- Work required: Pictures in the material below are to be left out, and only the lines from the line with "SOIL コットンボイルドットプリント フレンチスリーブブラウス(ブラック×ナチュラルラージドット)" up to and including the line with "Future style subway" are to be written out exactly.

- Data provided:

☆ ☆ ☆ ☆ ☆

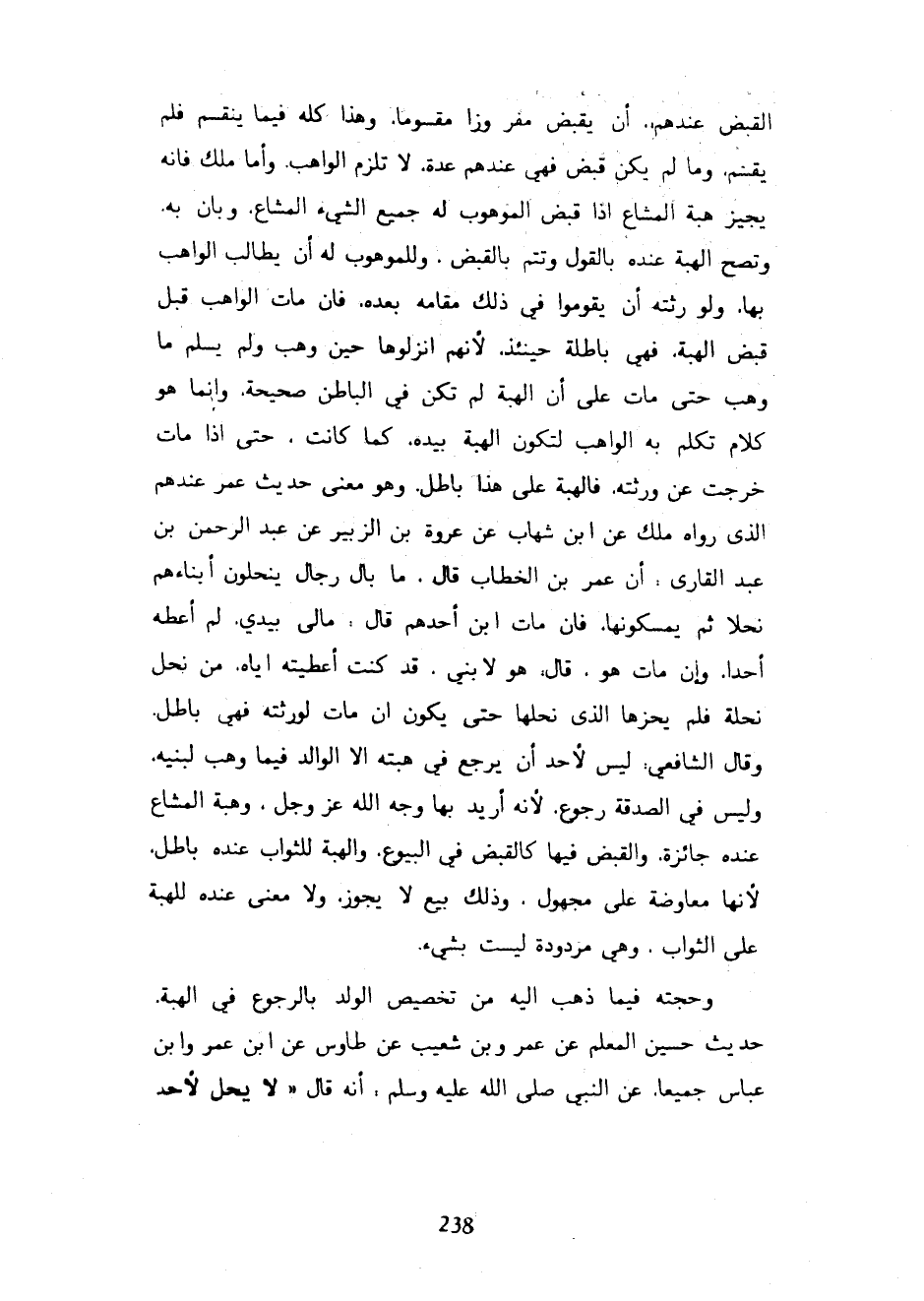 الْقَبْضُ عِنْدَهُمْ أَنْ يُقْبَضَ مَفْرُوزًا مَقْسُومًا وَهَذَا كُلُّهُ فِيمَا يَنْقَسِمُ فَلَمْ يُقَسَّمْ وَمَا لَمْ يَكُنْ قَبْضٌ فَهِيَ عِنْدُهُمْ عِدَةٌ لَا تَلْزَمُ الواهب وأما ملك فَإِنَّهُ يُجِيزُ هِبَةَ الْمَشَاعِ إِذَا قَبَضَ الْمَوْهُوبُ لَهُ جَمِيعَ الشَّيْءِ الْمَشَاعِ وَبَانَ بِهِ وَتَصِحُّ الهبة عنده بالقول وَتَتِمُّ بِالْقَبْضِ وَلِلْمَوْهُوبِ لَهُ أَنْ يُطَالِبَ الْوَاهِبَ بِهَا وَلِوَرَثَتِهِ أَنْ يَقُومُوا فِي ذَلِكَ مَقَامَهُ بعده فإن مات الواهب قبل قبض الهبة فهي باطلة حنيئذ لِأَنَّهُمْ أَنْزَلُوهَا حِينَ وَهَبَ وَلَمْ يُسَلِّمْ مَا وَهَبَ حَتَّى مَاتَ عَلَى أَنَّ الْهِبَةَ لَمْ تَكُنْ فِي الْبَاطِنِ صَحِيحَةً وَإِنَّمَا هُوَ كَلَامٌ تَكَلَّمَ بِهِ الْوَاهِبُ لِتَكُونَ الْهِبَةُ بِيَدِهِ كَمَا كَانَتْ حَتَّى إِذَا مَاتَ خَرَجَتْ عَنْ وَرَثَتِهِ فَالْهِبَةُ عَلَى هَذَا بَاطِلٌ وَهُوَ مَعْنَى حَدِيثِ عمر عندهم الذي رواه ملك عَنِ ابْنِ شِهَابٍ عَنْ عُرْوَةَ بْنِ الزُّبَيْرِ عَنْ عَبْدِ الرَّحْمَنِ بْنِ عَبْدٍ الْقَارِيِّ أَنَّ عُمَرَ بْنَ الْخَطَّابِ قَالَ مَا بَالُ رِجَالٍ يَنْحَلُونَ أَبْنَاءَهُمْ نُحْلًا ثُمَّ يُمْسِكُونَهَا فَإِنْ مَاتَ ابْنُ أَحَدِهِمْ قَالَ مَالِي بِيَدِي لَمْ أُعْطِهِ أَحَدًا وَإِنْ مَاتَ هُوَ قَالَ هُوَ لِابْنِي قَدْ كُنْتُ أُعْطَيْتُهُ إِيَّاهُ مَنْ نَحَلَ نِحْلَةً فَلَمْ يَحُزْهَا الَّذِي نُحِلَهَا حَتَّى يَكُونَ إِنْ مَاتَ لِوَرَثَتِهِ فَهِيَ بَاطِلٌ وَقَالَ الشَّافِعِيُّ لَيْسَ لأحد أن يرجع في هبته إلا الوالد فِيمَا وَهَبَ لِبَنِيهِ وَلَيْسَ فِي الصَّدَقَةِ رُجُوعٌ لِأَنَّهُ أُرِيدَ بِهَا وَجْهُ اللَّهِ عَزَّ وَجَلَّ وَهِبَةُ الْمَشَاعِ عِنْدَهُ جَائِزَةٌ وَالْقَبْضُ فِيهَا كَالْقَبْضِ فِي الْبُيُوعِ وَالْهِبَةُ لِلثَّوَابِ عِنْدَهُ بَاطِلٌ لِأَنَّهَا مُعَاوَضَةٌ عَلَى مَجْهُولٍ وَذَلِكَ بَيْعٌ لَا يَجُوزُ وَلَا مَعْنَى عِنْدَهُ لِلْهِبَةِ عَلَى الثَّوَابِ وَهِيَ مَرْدُودَةٌ لَيْسَتْ بِشَيْءٍ وَحُجَّتُهُ فِيمَا ذَهَبَ إِلَيْهِ مِنْ تَخْصِيصِ الْوَلَدِ بِالرُّجُوعِ فِي الْهِبَةِ حَدِيثُ حُسَيْنٍ الْمُعَلِّمِ عَنْ عَمْرِو بْنِ شُعَيْبٍ عَنْ طَاوُسٍ عَنِ ابْنِ عُمَرَ وَابْنِ عَبَّاسٍ جَمِيعًا عَنِ النَّبِيِّ صَلَّى اللَّهُ عَلَيْهِ وَسَلَّمَ أَنَّهُ قَالَ لَا يَحِلُّ لِأَحَدٍ
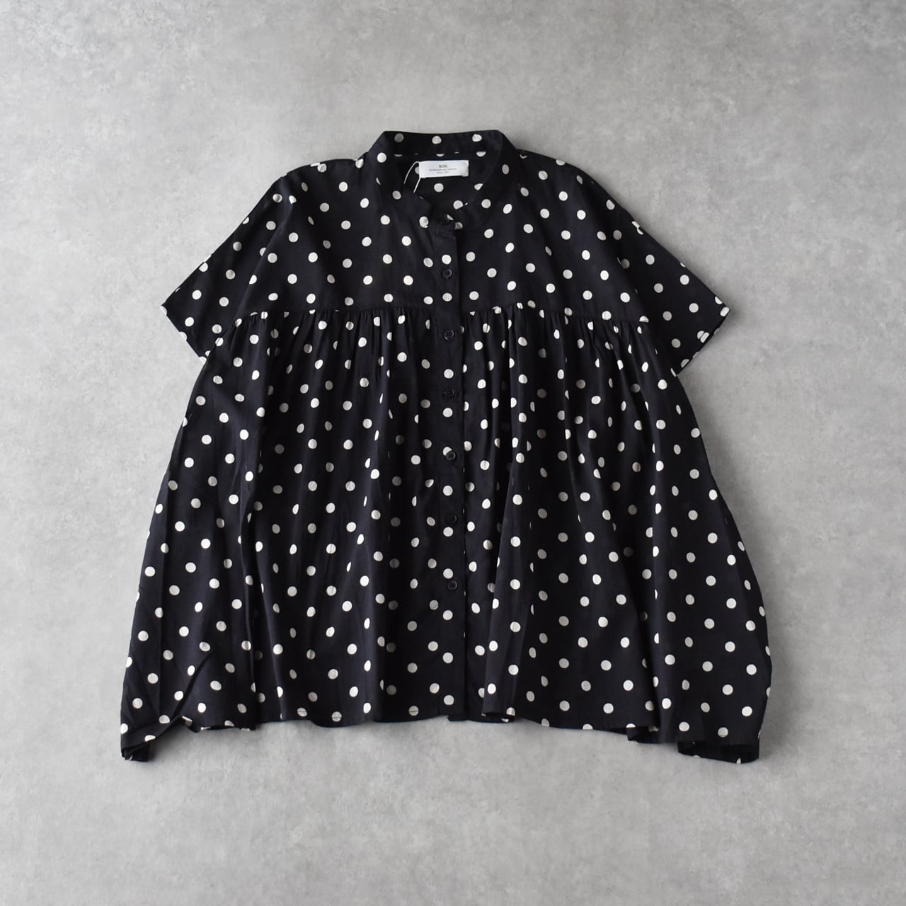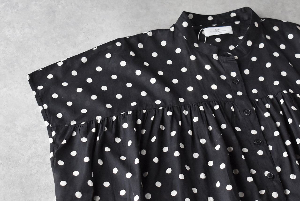 SOIL コットンボイルドットプリント フレンチスリーブブラウス(ブラック×ナチュラルラージドット) NSL26051
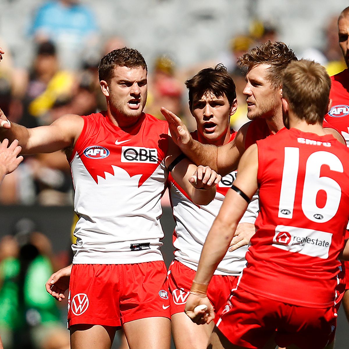 Afl Sydney Swans Thump Richmond Minus Lance Franklin Dion Prestia Hamstring Injury Sam Wicks Tom Papley Star Isaac Heeney Goal Of The Year Video
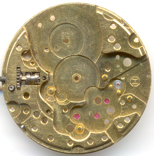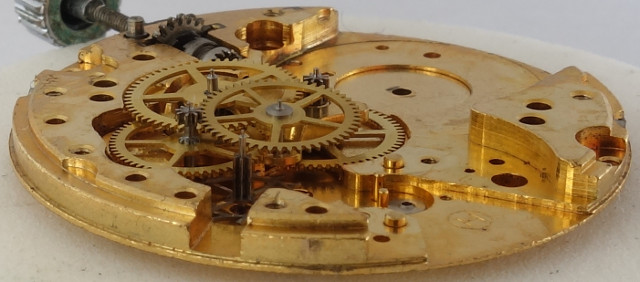 Interessant ist bei diesem Werk auch, dass das Gesperr offen gelagert ist, und erst mit der Abdeckplatine fixiert wird. Vermutlich liessen sich damit ein paar Zehntelmillimeter Dicke einsparen, was seinerzeit in den 1950er Jahren durchaus ein wichtiges Verkaufsargument war.
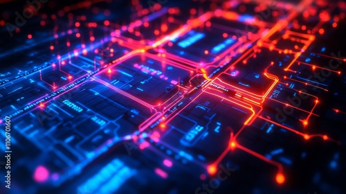 Future style subway map with glowing deep blue and red light, black background, and super realistic 3D rendering effect. Display high-definition resolution, deep tones, and high dynamic range details.
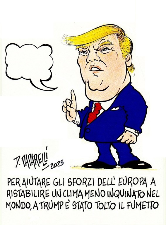 Il nostro collaboratore Danilo Paparelli, noto vignettista che ha firmato anche alcuni carri del Carnevale di Nizza, ha dedicato al neo Presidente degli USA Donald Trump, che ha annunciato la sua volontà di staccarsi dal programma mondiale contro l'inquinamento, questa simpatica vignetta.
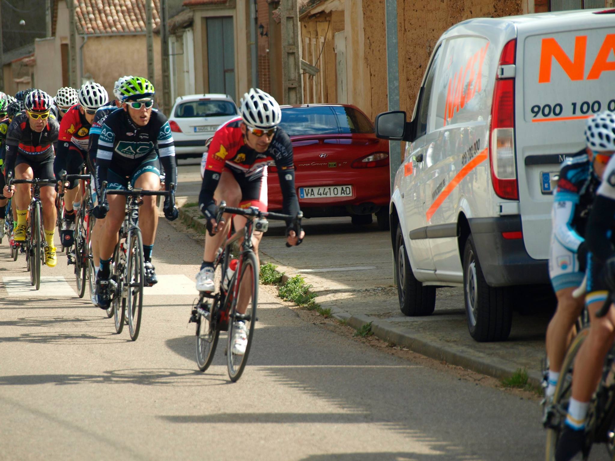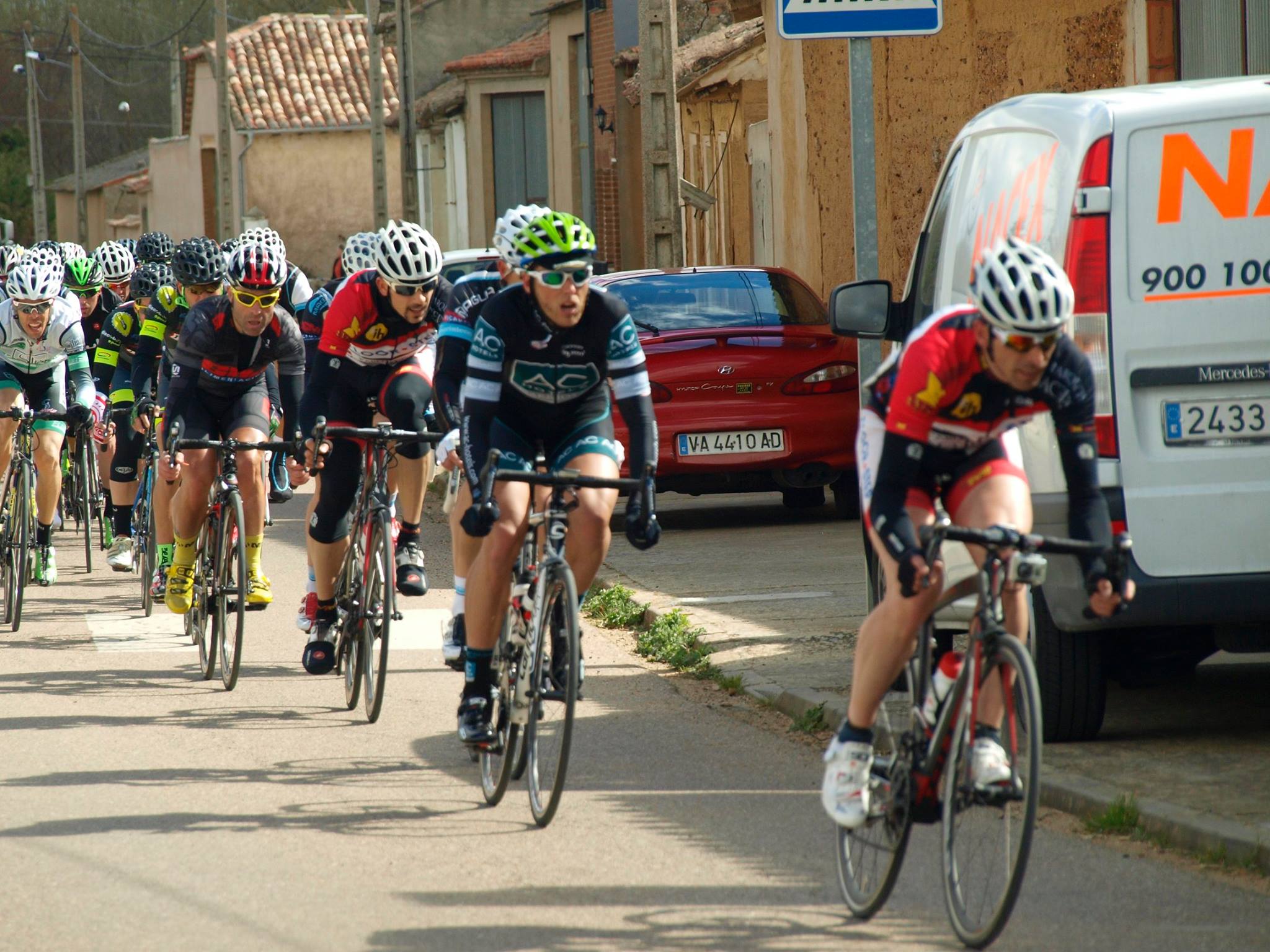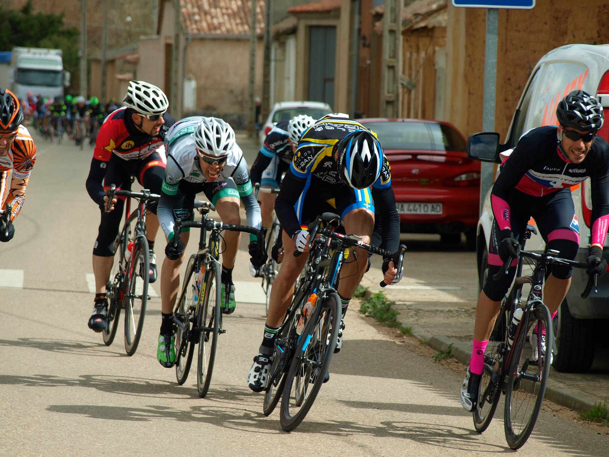 El repecho de Itero del Castillo era el principal punto caliente del circuito, aunque los giros de 90º también provocaban látigos que hacían sufrir a los corredores que rodaban a cola de pelotón. Entrar en las últimas posiciones en la curva que daba comienzo a la subida, era garantía de quedar cortado, con el consiguiente calentón si se quería volver a enlazar con el grupo. Dos veces lo sufrí en mis piernas 🙂

☆ ☆ ☆ ☆ ☆

- Finished task:
 SOIL コットンボイルドットプリント フレンチスリーブブラウス(ブラック×ナチュラルラージドット) NSL26051
 Afl Sydney Swans Thump Richmond Minus Lance Franklin Dion Prestia Hamstring Injury Sam Wicks Tom Papley Star Isaac Heeney Goal Of The Year Video
 Interessant ist bei diesem Werk auch, dass das Gesperr offen gelagert ist, und erst mit der Abdeckplatine fixiert wird. Vermutlich liessen sich damit ein paar Zehntelmillimeter Dicke einsparen, was seinerzeit in den 1950er Jahren durchaus ein wichtiges Verkaufsargument war.
 Future style subway map with glowing deep blue and red light, black background, and super realistic 3D rendering effect. Display high-definition resolution, deep tones, and high dynamic range details.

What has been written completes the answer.